-- Activity --
Copy out and return the lines from the one holding "- 【PORTABILITÉ】Vous pouvez" to the end of the listing below, both included, omitting the pictures.
[[ Records open ]]
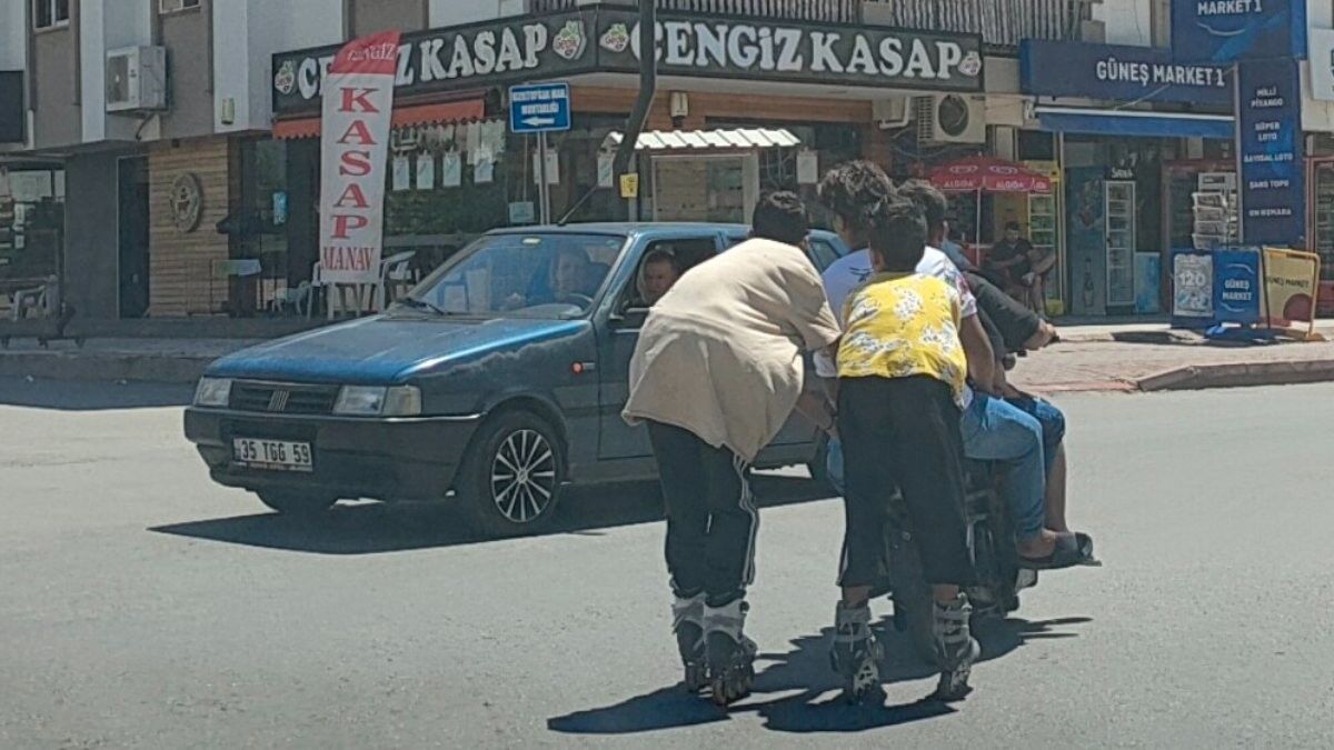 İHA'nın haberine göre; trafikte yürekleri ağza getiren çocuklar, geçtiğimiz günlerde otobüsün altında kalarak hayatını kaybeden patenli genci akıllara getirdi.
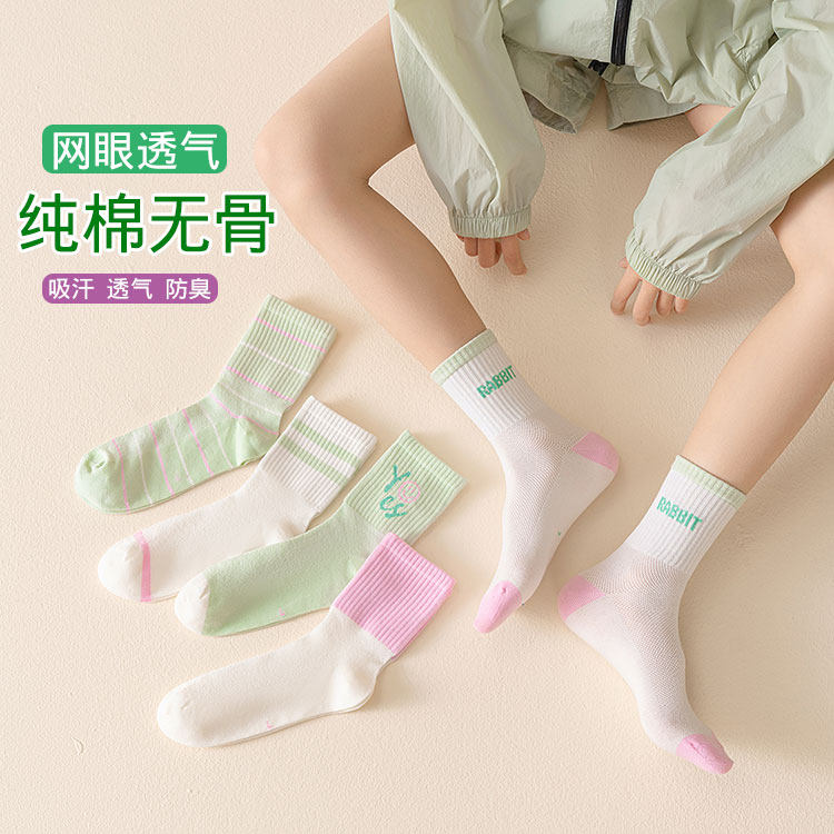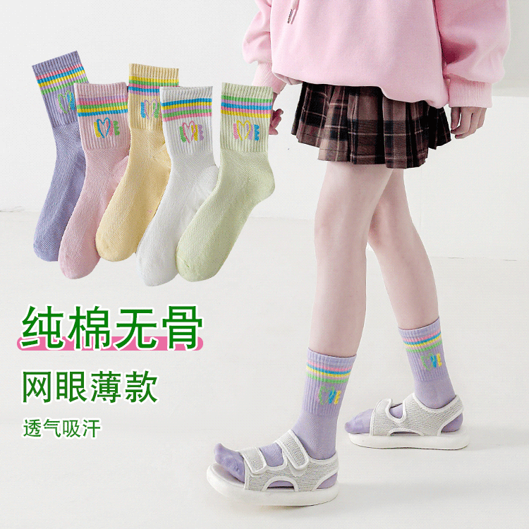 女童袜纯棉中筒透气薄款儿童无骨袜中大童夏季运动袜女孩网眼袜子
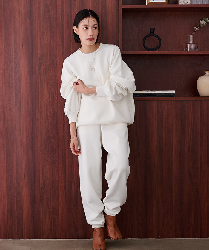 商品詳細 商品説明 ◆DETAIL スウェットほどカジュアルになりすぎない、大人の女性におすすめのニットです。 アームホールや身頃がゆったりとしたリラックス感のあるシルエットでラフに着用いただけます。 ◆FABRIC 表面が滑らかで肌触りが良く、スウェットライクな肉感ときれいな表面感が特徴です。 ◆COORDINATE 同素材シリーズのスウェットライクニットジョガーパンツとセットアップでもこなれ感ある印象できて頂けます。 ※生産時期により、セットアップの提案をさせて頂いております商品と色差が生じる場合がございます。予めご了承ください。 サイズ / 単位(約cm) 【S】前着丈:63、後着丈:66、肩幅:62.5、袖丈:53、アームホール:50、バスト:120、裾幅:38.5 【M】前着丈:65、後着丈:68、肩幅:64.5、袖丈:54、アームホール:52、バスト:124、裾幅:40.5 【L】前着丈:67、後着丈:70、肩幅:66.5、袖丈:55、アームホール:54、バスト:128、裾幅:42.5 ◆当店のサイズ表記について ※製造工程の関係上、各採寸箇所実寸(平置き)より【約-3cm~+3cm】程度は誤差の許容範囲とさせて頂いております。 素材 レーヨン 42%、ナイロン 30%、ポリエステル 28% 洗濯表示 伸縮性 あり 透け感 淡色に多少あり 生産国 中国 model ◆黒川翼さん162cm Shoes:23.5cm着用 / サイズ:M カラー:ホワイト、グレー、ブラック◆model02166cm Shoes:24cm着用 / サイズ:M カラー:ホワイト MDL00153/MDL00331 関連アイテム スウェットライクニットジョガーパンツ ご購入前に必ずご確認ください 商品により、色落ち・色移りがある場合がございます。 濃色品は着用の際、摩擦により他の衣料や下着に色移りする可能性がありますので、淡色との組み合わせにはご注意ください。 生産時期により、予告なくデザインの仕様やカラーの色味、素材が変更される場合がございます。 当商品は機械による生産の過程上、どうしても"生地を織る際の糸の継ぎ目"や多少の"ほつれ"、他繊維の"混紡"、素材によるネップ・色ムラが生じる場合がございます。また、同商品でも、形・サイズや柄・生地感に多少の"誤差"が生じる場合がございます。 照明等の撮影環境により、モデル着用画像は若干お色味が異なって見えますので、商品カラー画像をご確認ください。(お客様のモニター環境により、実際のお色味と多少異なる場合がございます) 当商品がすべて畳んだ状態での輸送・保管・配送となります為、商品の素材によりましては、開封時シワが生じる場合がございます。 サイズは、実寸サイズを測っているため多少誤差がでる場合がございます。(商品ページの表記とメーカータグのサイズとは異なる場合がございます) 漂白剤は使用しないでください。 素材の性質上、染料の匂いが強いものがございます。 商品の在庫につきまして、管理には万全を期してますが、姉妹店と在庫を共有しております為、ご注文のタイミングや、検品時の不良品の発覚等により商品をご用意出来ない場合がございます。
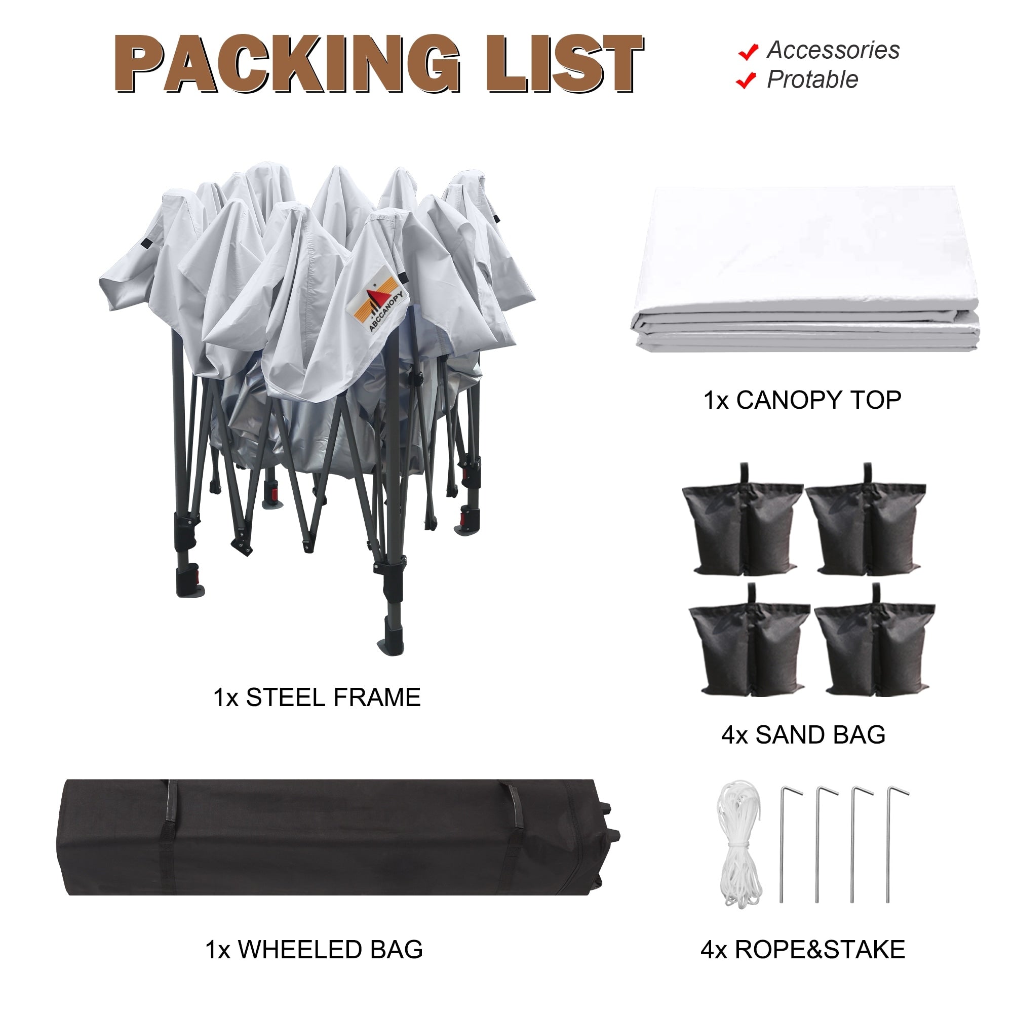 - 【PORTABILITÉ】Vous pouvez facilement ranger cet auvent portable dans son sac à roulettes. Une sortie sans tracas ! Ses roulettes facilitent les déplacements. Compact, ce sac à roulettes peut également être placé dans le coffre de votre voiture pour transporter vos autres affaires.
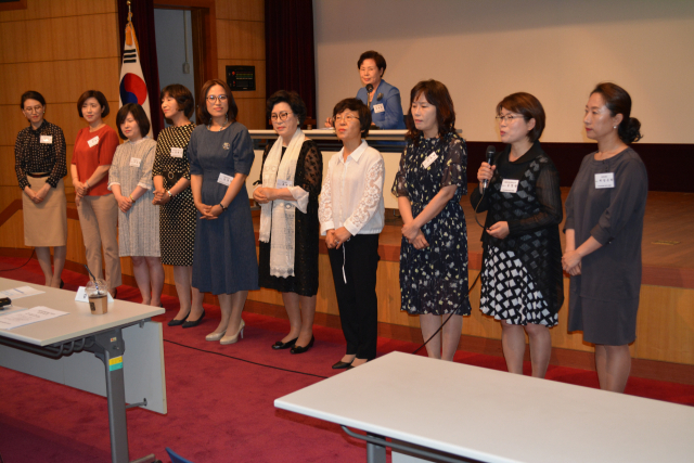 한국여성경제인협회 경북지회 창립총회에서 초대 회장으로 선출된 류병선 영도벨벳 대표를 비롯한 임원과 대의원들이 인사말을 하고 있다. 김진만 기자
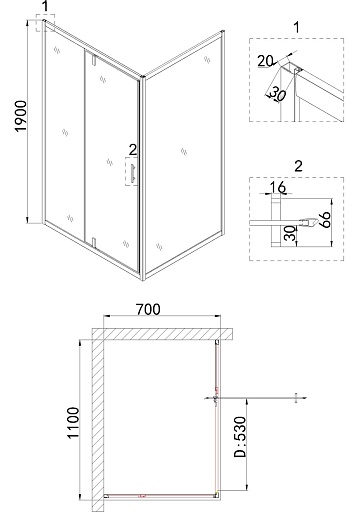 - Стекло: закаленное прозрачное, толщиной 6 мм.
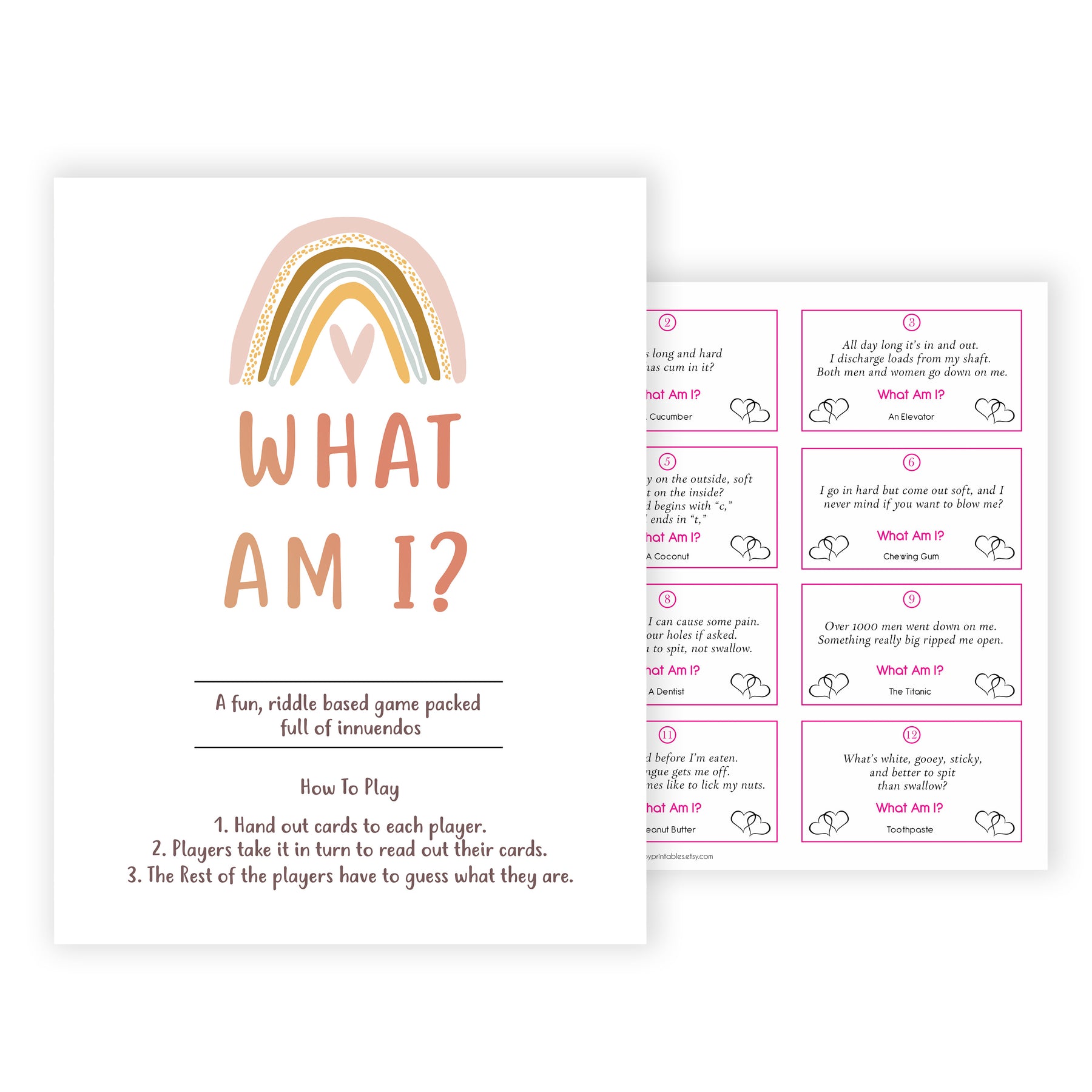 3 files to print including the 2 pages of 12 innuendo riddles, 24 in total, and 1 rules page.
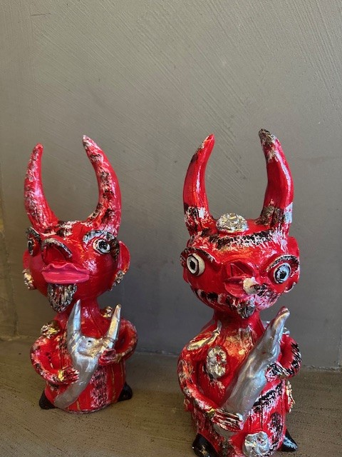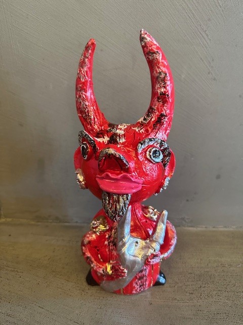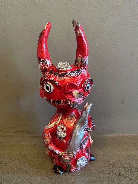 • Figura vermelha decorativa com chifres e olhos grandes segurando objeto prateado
[[ Records closed ]]
-- Result of the exercise --
 - 【PORTABILITÉ】Vous pouvez facilement ranger cet auvent portable dans son sac à roulettes. Une sortie sans tracas ! Ses roulettes facilitent les déplacements. Compact, ce sac à roulettes peut également être placé dans le coffre de votre voiture pour transporter vos autres affaires.
 한국여성경제인협회 경북지회 창립총회에서 초대 회장으로 선출된 류병선 영도벨벳 대표를 비롯한 임원과 대의원들이 인사말을 하고 있다. 김진만 기자
 - Стекло: закаленное прозрачное, толщиной 6 мм.
 3 files to print including the 2 pages of 12 innuendo riddles, 24 in total, and 1 rules page.
 • Figura vermelha decorativa com chifres e olhos grandes segurando objeto prateado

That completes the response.